Soil Degradation - Supplement

Remote Sensing of soil

Soil has a particular spectral signature that differenciates it from other land cover types. In the visible and near infrared region, reflectance increases in proportion to the wavelength increase. However, the rate of increase is affected by many factors. Soil texture and structure establish whether the soil reflects energy as a diffuse or lambertian reflector. Soil moisture and organic matter increase soil absorbency and result in overall lower soil reflectance.

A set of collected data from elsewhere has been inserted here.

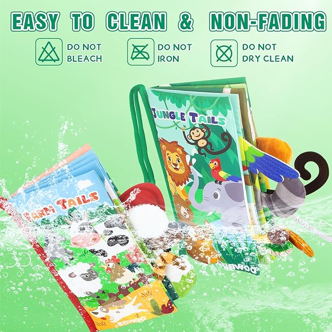 - Safe and Durable for Curious Babies: Made from non-toxic, skin-friendly fabric with strong stitching, our soft baby books are safe for curious infants who love to chew. With no sharp edges, they protect your baby's skin. These washable baby books are easy to clean and designed to last.
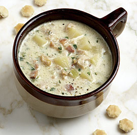Creamy, hearty New England clam chowder is by far the most popular chowder style (compared to Manhattan or Rhode Island versions). Chowder made with milk or cream began appearing in the early 1800s, and New Englanders claimed it as their own in the 1900s. Many versions use a flour and butter roux to thicken the soup. The roux is necessary if you’re cooking with milk; otherwise, it curdles when boiled. This chowder gets its thick texture from a combination of heavy cream and puréed potatoes. You can crush some of the potatoes against the side of the pot (instead of puréeing the vegetables) for a thinner but equally delicious version.
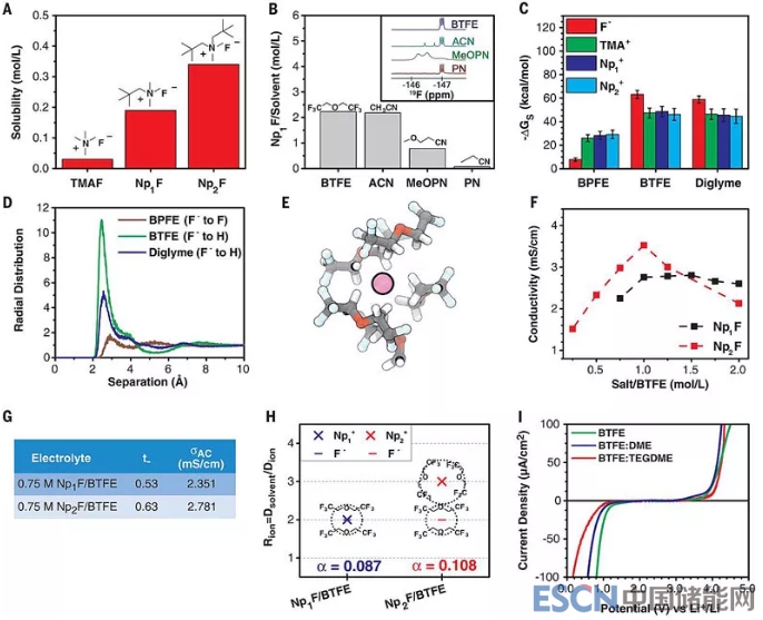 金屬氟化物電解質(zhì)鹽類普遍不溶于有機(jī)溶劑,有機(jī)氟化物電解質(zhì)鹽類盡管可以提高溶解性,然而這些鹽很難真正以無水形式被合成,容易發(fā)生分解(F-變?yōu)镠F2-),即便商用無水四甲基氟化銨(TMAF)在有機(jī)物中的溶解度依舊有限。研究者通過分子設(shè)計和實驗,選擇了新戊基取代的氟化銨(Np1F、Np2F,下圖A),發(fā)現(xiàn)新的氟化銨鹽不但在有機(jī)溶劑中的溶解度增加,同時β-H的減少也可以抑制干燥中有機(jī)氟化物的分解。將新戊基取代的氟化銨溶解在不同溶劑中,室溫下在氟代醚中的離子電導(dǎo)率表現(xiàn)優(yōu)異,可以與鋰離子電池電解液的電導(dǎo)率相當(dāng)。

Reflectance of the same soil at various moisture contents

These two factors are interrelated. Clay soils have a different structure and texture than sandy soils, but they also have a better ability to retain water and have a higher content of organic matter. As a result, in general, clay soils have lower reflectance than sandy soils and appear darker. Water also reduces the reflectance at regions in the short-wave infrared, particularly around 900, 1400, 1900 and 2200 nm.

Soil line

If we were to collect many spectral measurements of the same soil, under different moisture content conditions, and then plot the red against the near infrared reflectance for each measurement, we would get something like the following figure:

Example of a soil line between red and near infrared reflectance

Because the reflectance between red and near infrared fluctuate proportionally, when the moisture content changes, those two values are said to be correlated and have a linear relationship. This means that whenever one changes, the other changes according to the relationship that binds the two. The line that describes that relationship is known as the soil line, which is unique for each soil.